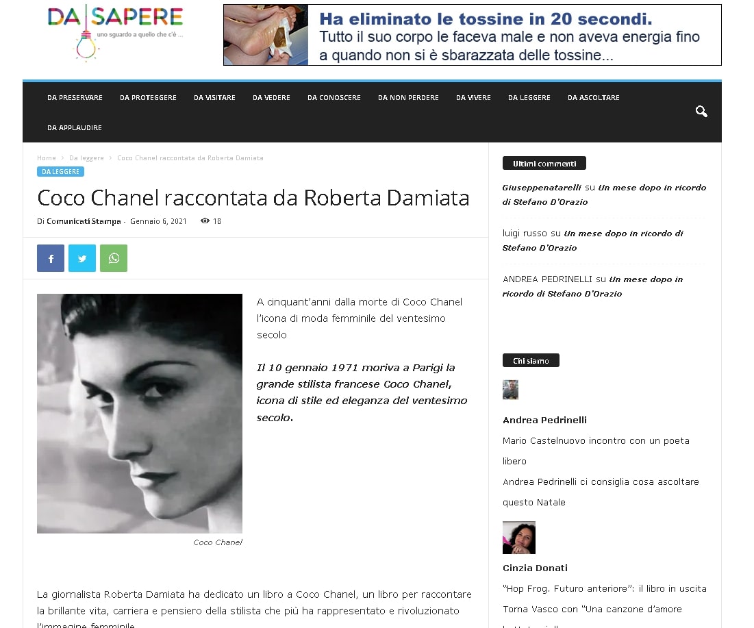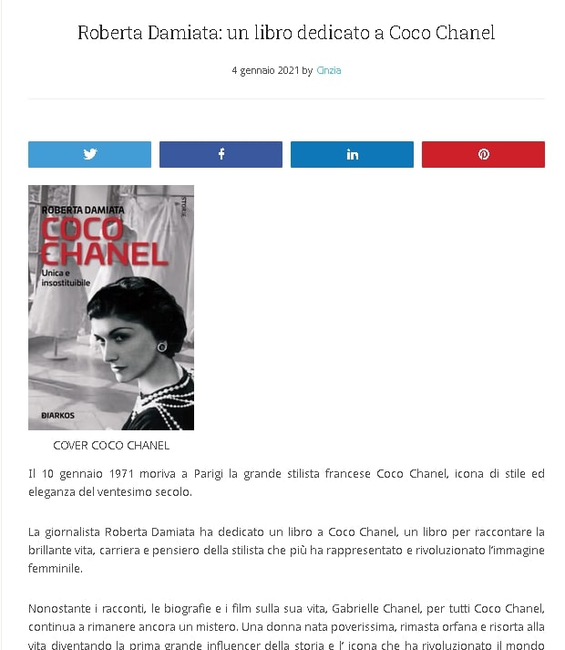 Roberta Damiata: un libro dedicato a Coco Chanel - Dietrolanotizia
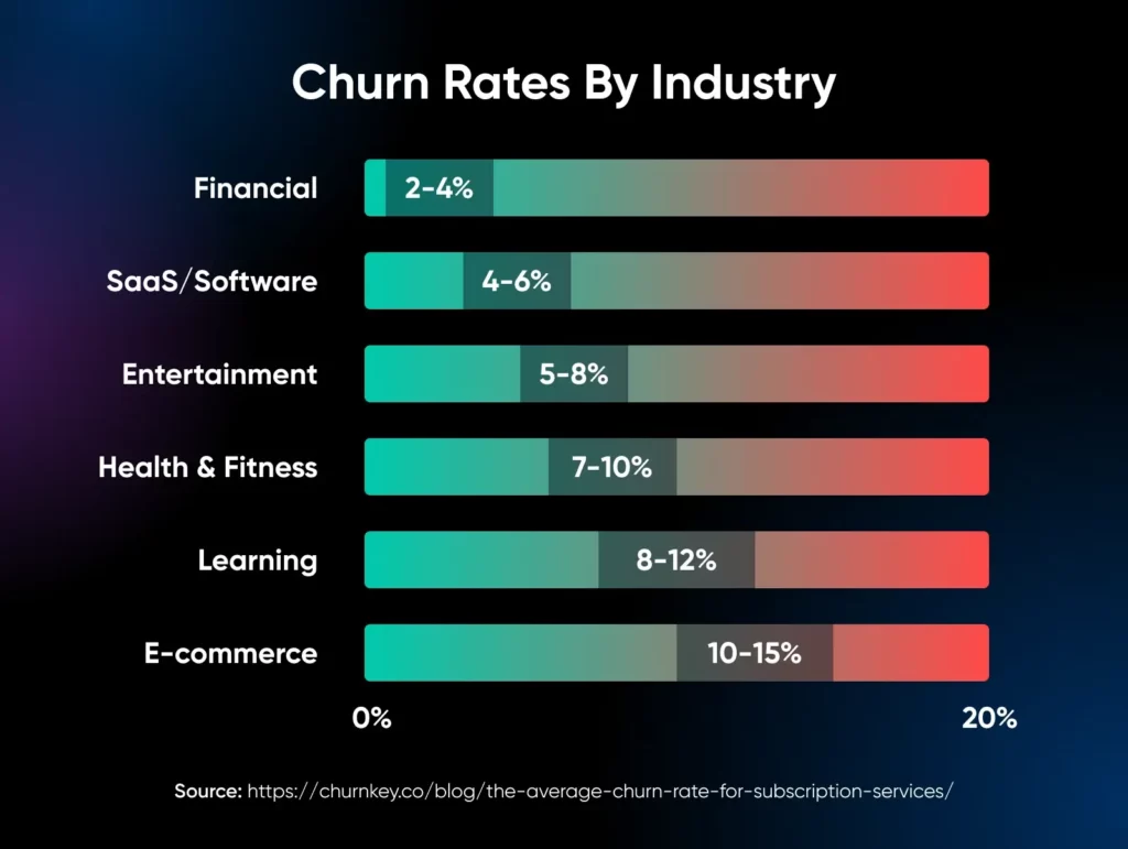 健康的客户流失率是什么样的?以下是 Churnkey 提供的一些基准。
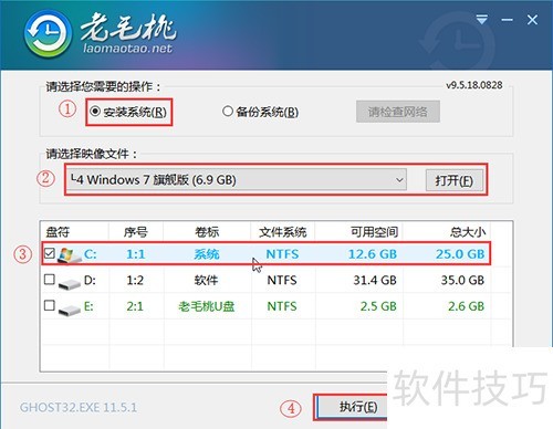 3、 进入WinPE桌面,打开一键装机软件,选择已下载的系统镜像,安装到C盘,点击执行继续操作。
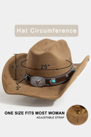- This cowboy hat introduces a stunning longhorn concho strap style. Unveil a new dimension of sophistication as this cowboy hat effortlessly enhances the elegance of your ensemble.

□ □ □ □

YOUR GOAL: Begin with the line holding "3、 进入WinPE桌面,打" and end with the last line of the listing. Reproduce each of those lines exactly, and leave every picture out.

FINISHED EXERCISE:
 3、 进入WinPE桌面,打开一键装机软件,选择已下载的系统镜像,安装到C盘,点击执行继续操作。
- This cowboy hat introduces a stunning longhorn concho strap style. Unveil a new dimension of sophistication as this cowboy hat effortlessly enhances the elegance of your ensemble.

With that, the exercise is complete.